By Alan Prendergast, Westword May 12, 2014
When does a park become a park? Is it when people start using it for recreation and picnics? When the area starts showing up on maps labeled as a park? When the Mayor of Denver describes it as “dedicated park land,” while assuring nearby homeowners it won’t be developed? Or is it when the city starts to maintain it, build trails on it and post signs about observing park rules?
None of the above, apparently.

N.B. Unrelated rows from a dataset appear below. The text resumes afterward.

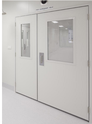
DOUBLE FLUSH SWING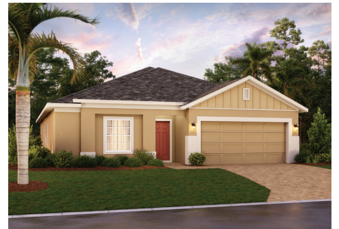
ELEVATION 3 - CLADDING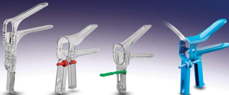
Graves Screw & Nut Central Key Smoke Evacuator

To Order: Agit Technologies (Israel) www.Agit.co.il

Not according to Denver District Court Judge Herbert Stern III — who, practically on the eve of trial, dismissed the case a grass-roots parks group had brought challenging the city’s decision to transfer eleven acres of open space in the Cherry Creek corridor in exchange for an office building downtown.
Mayor Michael Hancock’s plan to hand over the property adjacent to Paul A. Hentzell Park to the Denver Public Schools for a new school, in exchange for a DPS administration building that’s now being converted to a one-stop services center for domestic violence victims, has triggered a slew of questions about how the city officially designates — and protects — its parks. Although the property was officially declared a “natural area” just a few years ago, Hancock insisted that it was “blighted;” Denver Parks and Recreation manager Lauri Dannemiller withdrew the natural area designation, and the Denver City Council approved the deal last spring.
Although it is an old case, the precedent in Colorado for Common Law Designation is McIntyre (1900). It should still be good law today if Colorado courts have not completely dropped stare decisis as a principal of law. You will note that Judge Stern has completely ignored and failed to take into consideration this case. If such lower court judges as Stern were always right we would not need our system of appellate courts or all those case books which make law libraries look like there lot’s of stuff to study there!